__REQUIREMENT__:
Transcribe word for word the section of the records below that opens with the line containing "Необходимо закончить 6" and closes with the line containing "- Ideal Bathroom"; drop every picture.

__SUPPLIED RECORDS__:

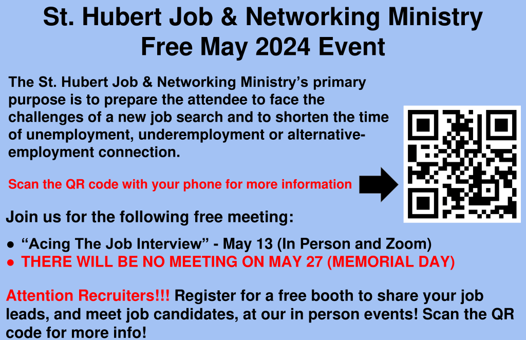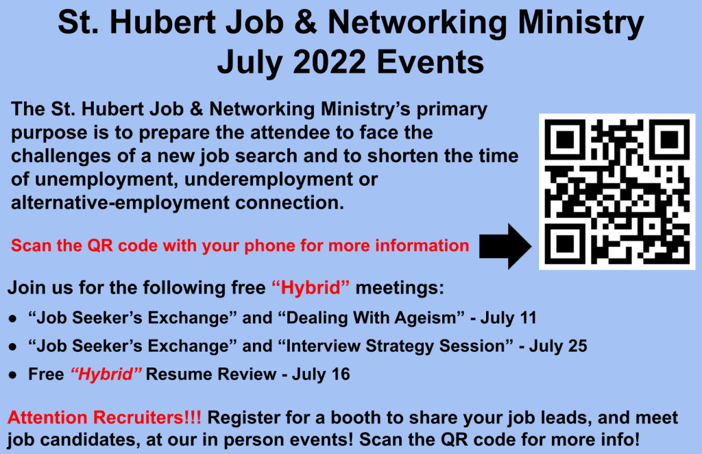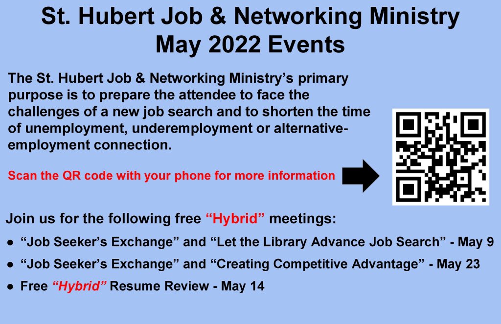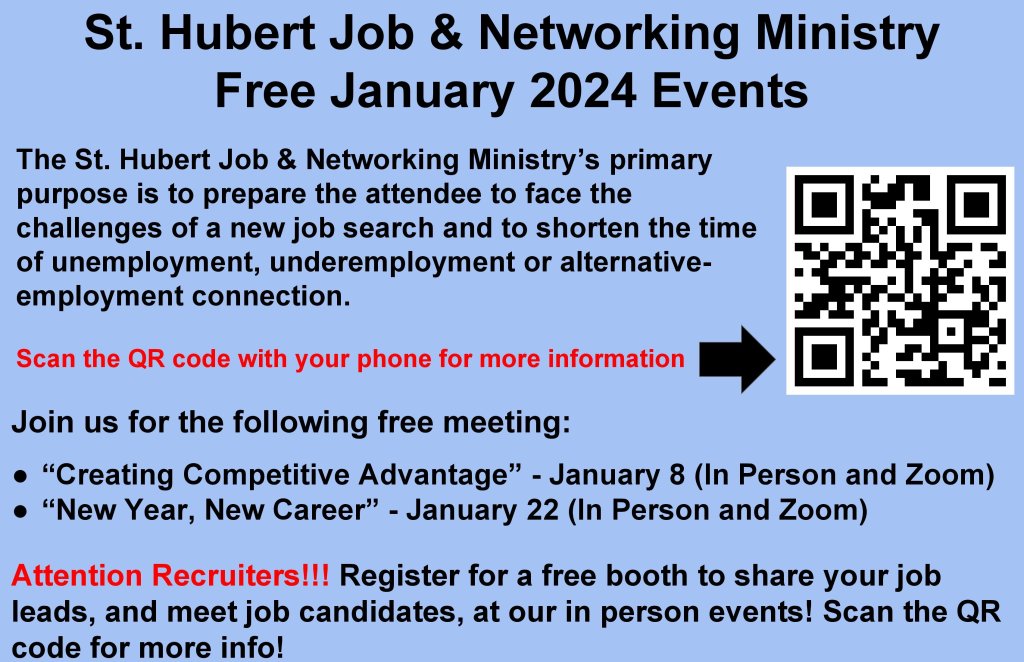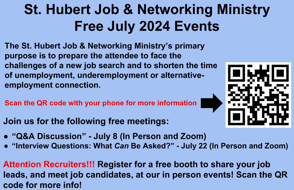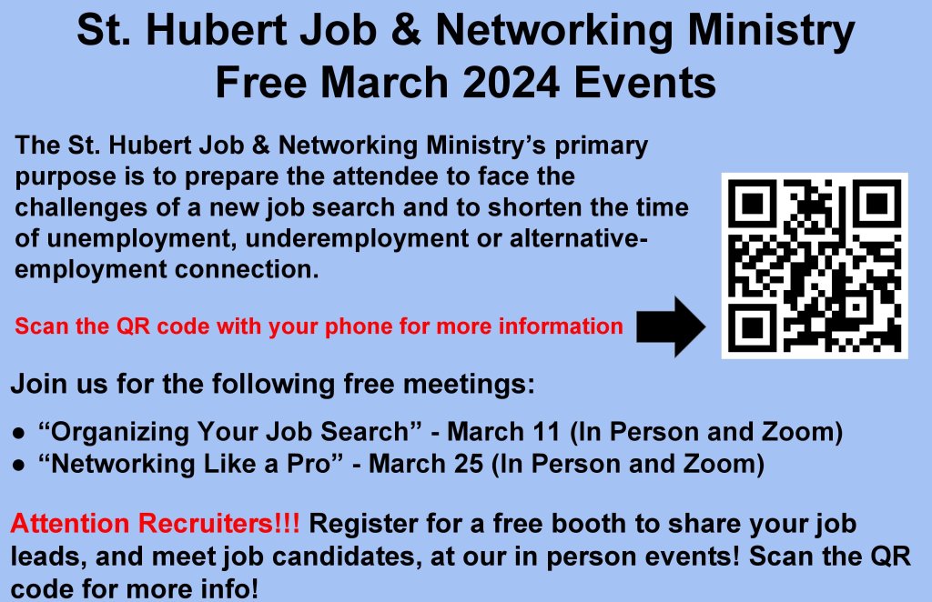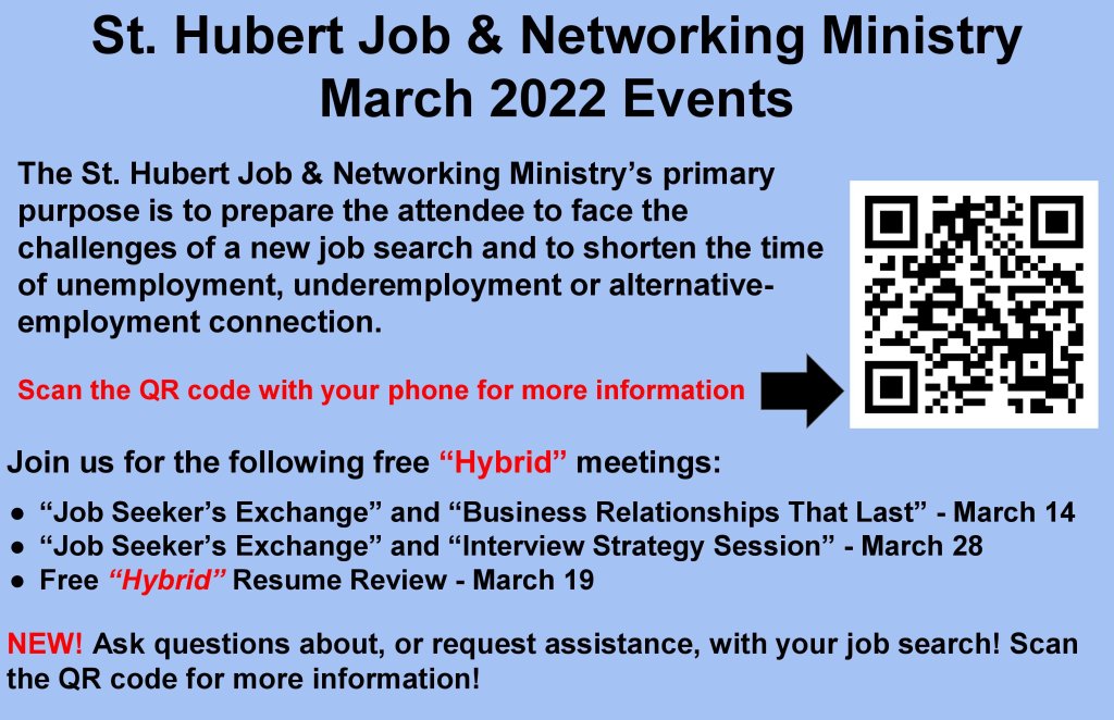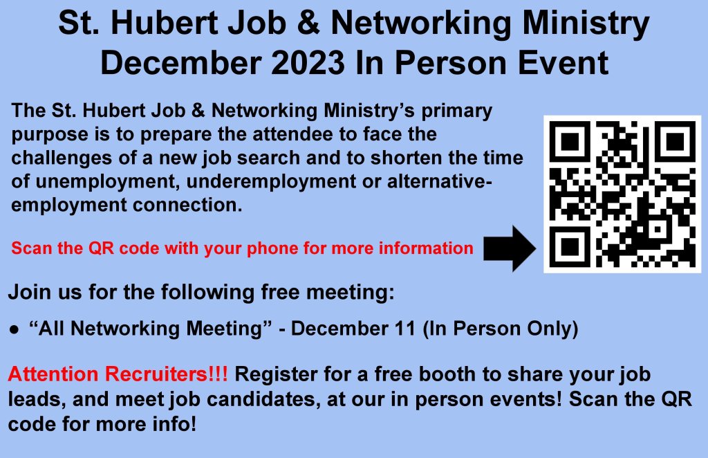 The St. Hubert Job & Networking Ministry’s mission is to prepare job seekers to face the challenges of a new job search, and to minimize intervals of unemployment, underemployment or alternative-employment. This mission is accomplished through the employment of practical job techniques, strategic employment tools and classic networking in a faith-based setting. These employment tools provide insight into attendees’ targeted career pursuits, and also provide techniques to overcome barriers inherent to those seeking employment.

* * *

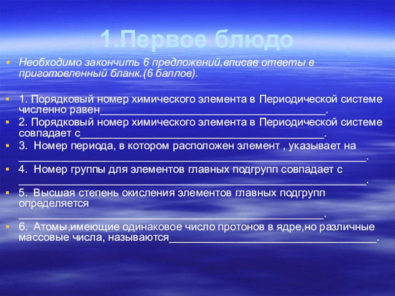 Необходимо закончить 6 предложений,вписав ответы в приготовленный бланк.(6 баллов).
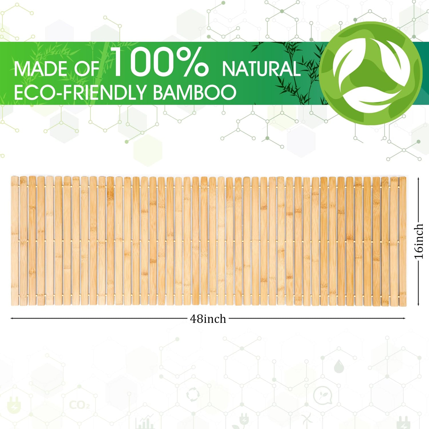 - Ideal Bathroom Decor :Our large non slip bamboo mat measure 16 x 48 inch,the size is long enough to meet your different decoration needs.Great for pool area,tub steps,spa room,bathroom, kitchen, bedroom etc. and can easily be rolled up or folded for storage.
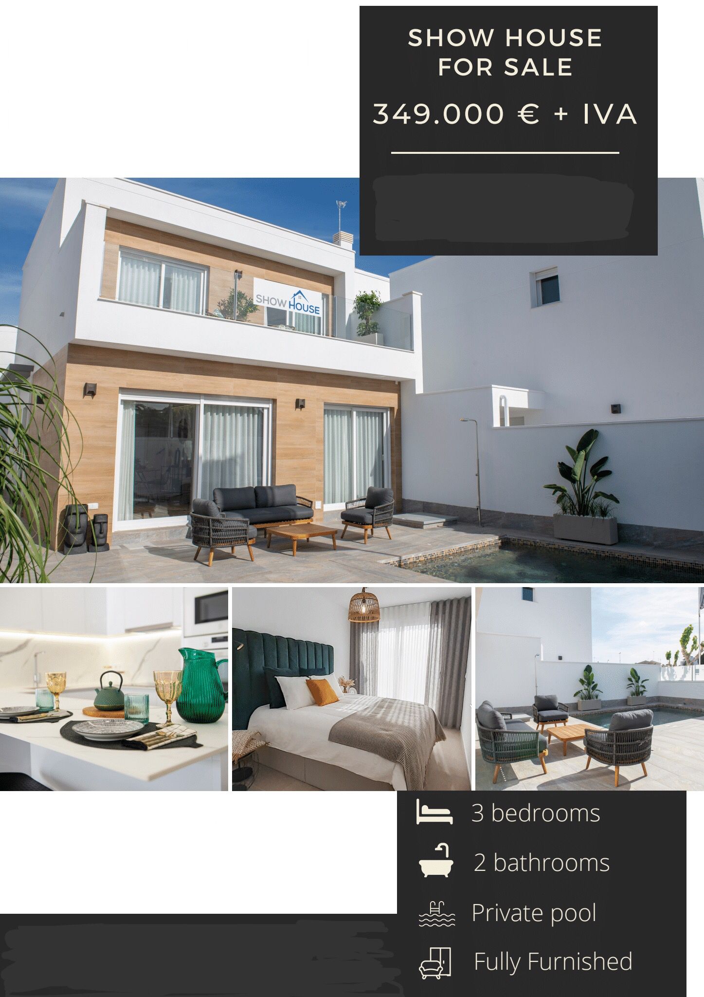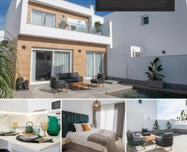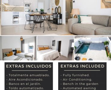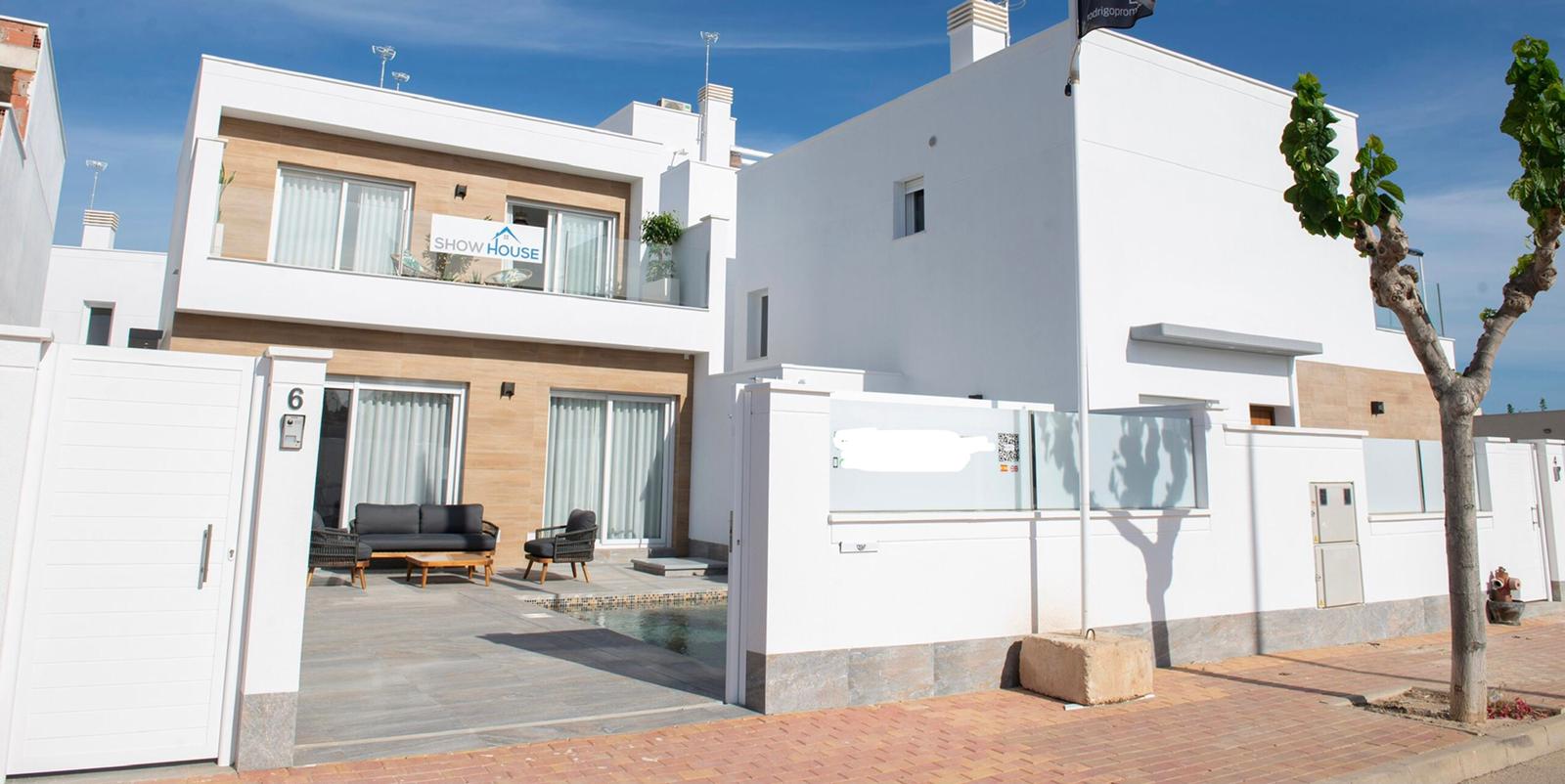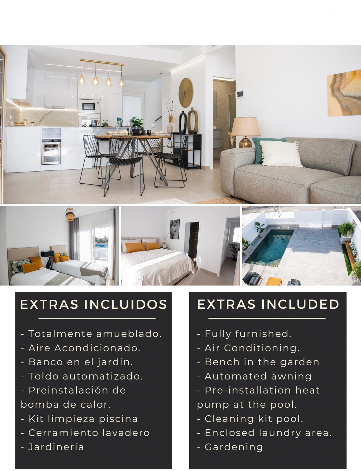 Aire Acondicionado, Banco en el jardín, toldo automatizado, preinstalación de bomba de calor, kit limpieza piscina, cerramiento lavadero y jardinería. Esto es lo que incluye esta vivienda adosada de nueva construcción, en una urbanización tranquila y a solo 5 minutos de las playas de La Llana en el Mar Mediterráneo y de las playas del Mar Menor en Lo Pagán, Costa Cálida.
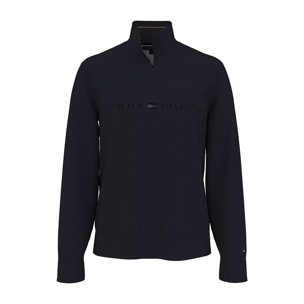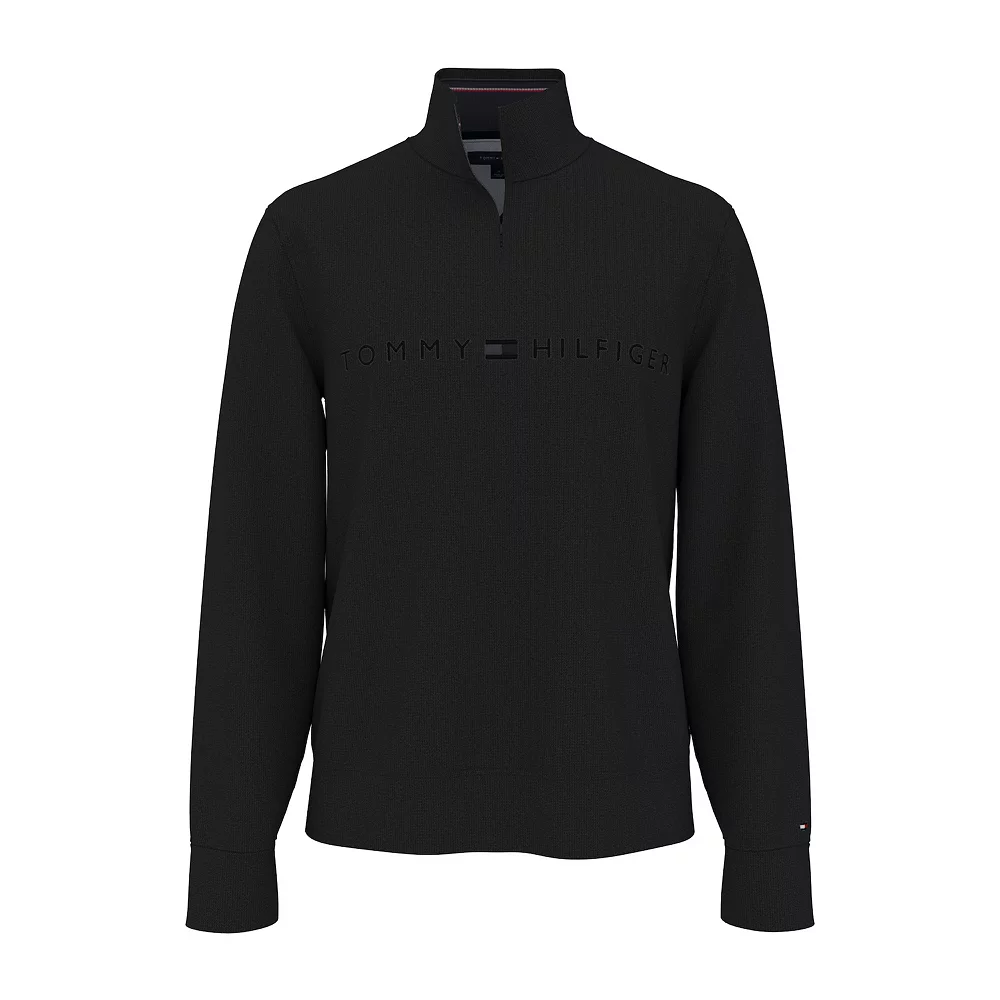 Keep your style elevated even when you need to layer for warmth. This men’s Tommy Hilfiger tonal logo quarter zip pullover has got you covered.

__EXERCISE OUTPUT__:
 Необходимо закончить 6 предложений,вписав ответы в приготовленный бланк.(6 баллов).
 - Ideal Bathroom Decor :Our large non slip bamboo mat measure 16 x 48 inch,the size is long enough to meet your different decoration needs.Great for pool area,tub steps,spa room,bathroom, kitchen, bedroom etc. and can easily be rolled up or folded for storage.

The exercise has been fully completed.